To calculate on a weekly basis, we utilize `pandas.Timedelta('1 W')` to generate a day one week after our list of dates. See the example:

In [11]:
for after_date in dr_week:
    start_date = start_date + pd.Timedelta('1 W')
    
    # print to see the loop in action
    print(start_date)
    print(after_date)
    print()

2012-12-08 00:00:00
2012-01-01 00:00:00

2012-12-15 00:00:00
2012-01-08 00:00:00

2012-12-22 00:00:00
2012-01-15 00:00:00

2012-12-29 00:00:00
2012-01-22 00:00:00

2013-01-05 00:00:00
2012-01-29 00:00:00

2013-01-12 00:00:00
2012-02-05 00:00:00

2013-01-19 00:00:00
2012-02-12 00:00:00

2013-01-26 00:00:00
2012-02-19 00:00:00

2013-02-02 00:00:00
2012-02-26 00:00:00

2013-02-09 00:00:00
2012-03-04 00:00:00

2013-02-16 00:00:00
2012-03-11 00:00:00

2013-02-23 00:00:00
2012-03-18 00:00:00

2013-03-02 00:00:00
2012-03-25 00:00:00

2013-03-09 00:00:00
2012-04-01 00:00:00

2013-03-16 00:00:00
2012-04-08 00:00:00

2013-03-23 00:00:00
2012-04-15 00:00:00

2013-03-30 00:00:00
2012-04-22 00:00:00

2013-04-06 00:00:00
2012-04-29 00:00:00

2013-04-13 00:00:00
2012-05-06 00:00:00

2013-04-20 00:00:00
2012-05-13 00:00:00

2013-04-27 00:00:00
2012-05-20 00:00:00

2013-05-04 00:00:00
2012-05-27 00:00:00

2013-05-11 00:00:00
2012-06-03 00:00:00

2013-05-18 00:00:00
2012-06-10 00:00:00

2013-05-25 00:00

Now we have working loops! Plugging in your calculations is as simple as running them in a non-looped situation. Lets create the code we need to answer our request, then plug them into the loop after.

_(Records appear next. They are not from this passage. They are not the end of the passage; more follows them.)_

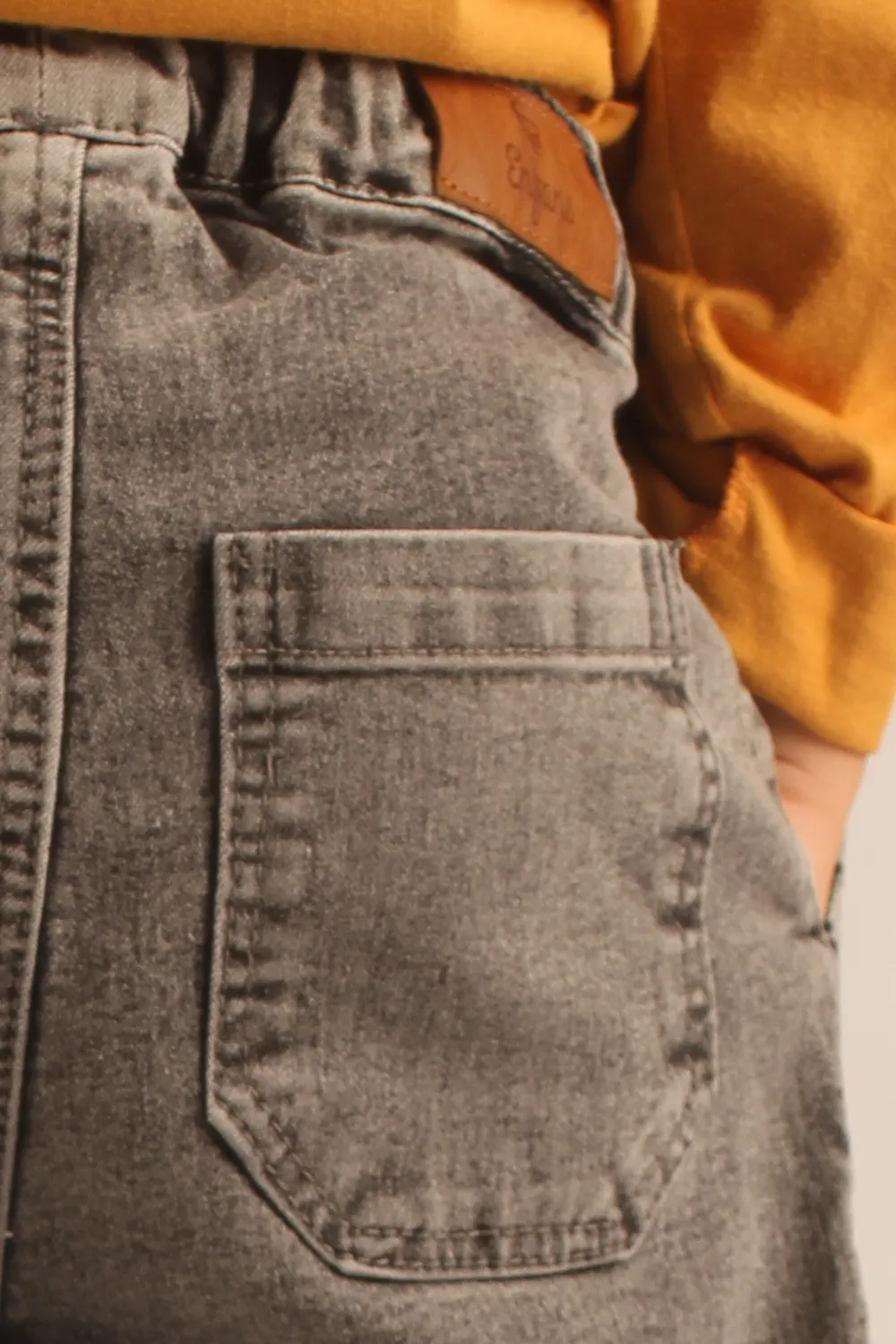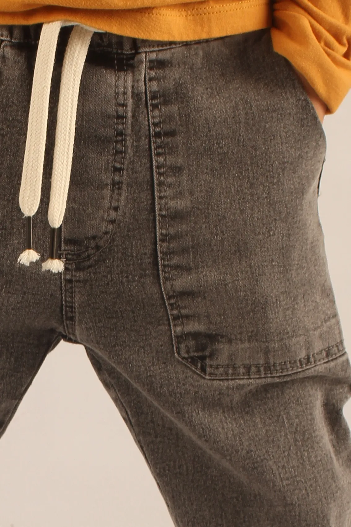 Pantalón de denim elastizado con bolsillos delanteros tipo parche y apertura diagonal, aportando un diseño práctico y cómodo. La cintura elastizada con cordón ajustable y terminales de metal asegura un ajuste perfecto. Además, cuenta con un bolsillo plaqué trasero que completa el estilo funcional de la prenda.
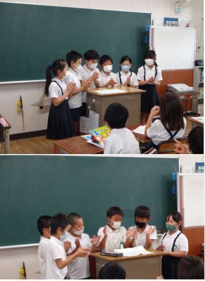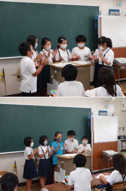 音楽の学習でリズムアンサンブルをしました。班ごとに「おまつり」という言葉を3種類のリズムで表現しました。どの班も一生懸命練習をして、みんなの前で発表していました。
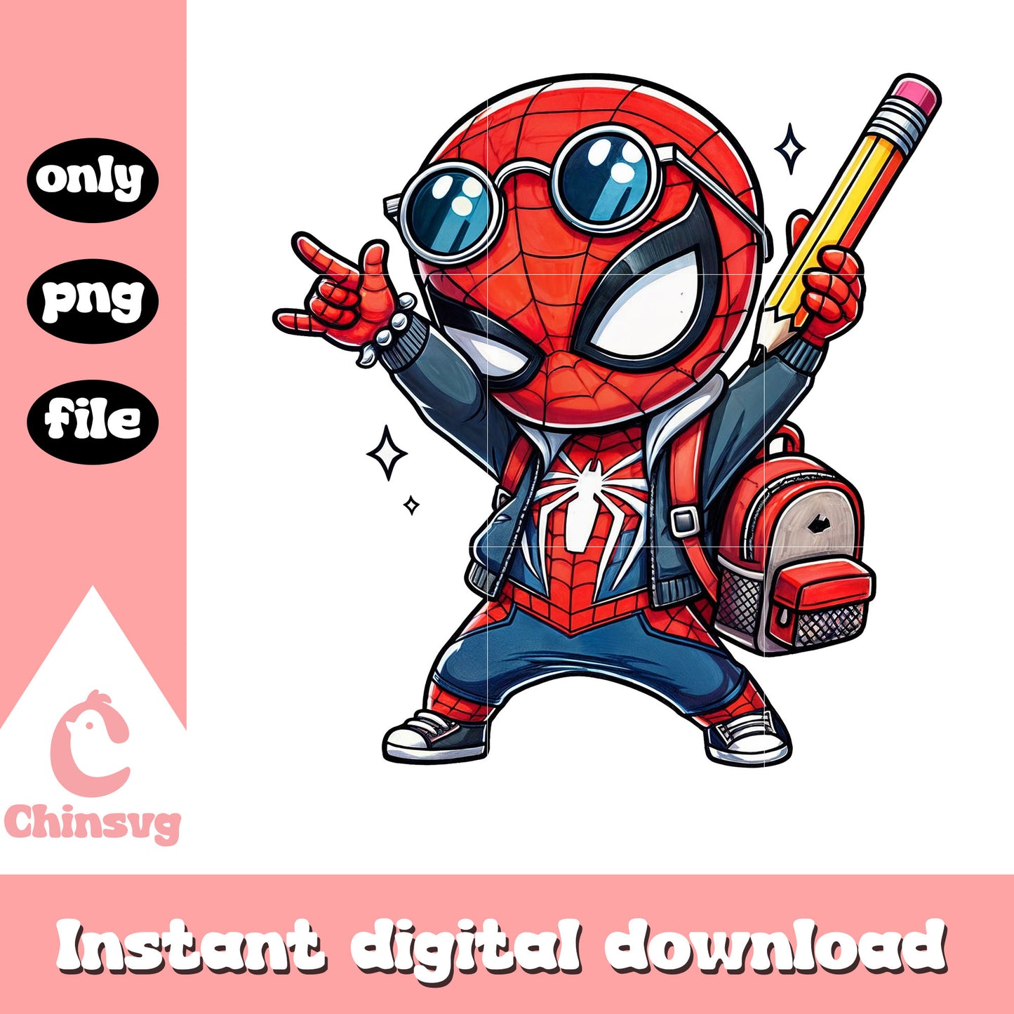 Chibi spiderman posing back to school design png is a product of our School collection. Celebrate the spirit of learning with our School SVG Collection! Perfect for teachers, students, and parents, this collection features education-themed designs, from playful quotes and school supplies to classroom graphics and seasonal school moments. Whether you're personalizing a teacher gift or decorating for back-to-school, these high-quality files bring creativity to every classroom and craft project!

**Request 1: Calculate total profit**

In [12]:
df['Profit'].sum()

286397.0216999999

**Request 2: Calculate number of unique customers**

In [13]:
df['Customer ID'].nunique()

793

Now that we have our code, we have one remaining problem, where do we store the results of each loop? We can store them in a list and utilize `zip()` later on to create our dataframe. Lets generate a bunch of blank lists to start with:

In [14]:
# Create lists for our month loop
list_profit_month = []
list_unique_month = []

# Create lists for our week loop
list_profit_week = []
list_unique_week = []

Remember that we will need to filter our main `df` dataframe for each set of days in the loop. Let's create them!

We will append the lists above with our values once we've calculated them.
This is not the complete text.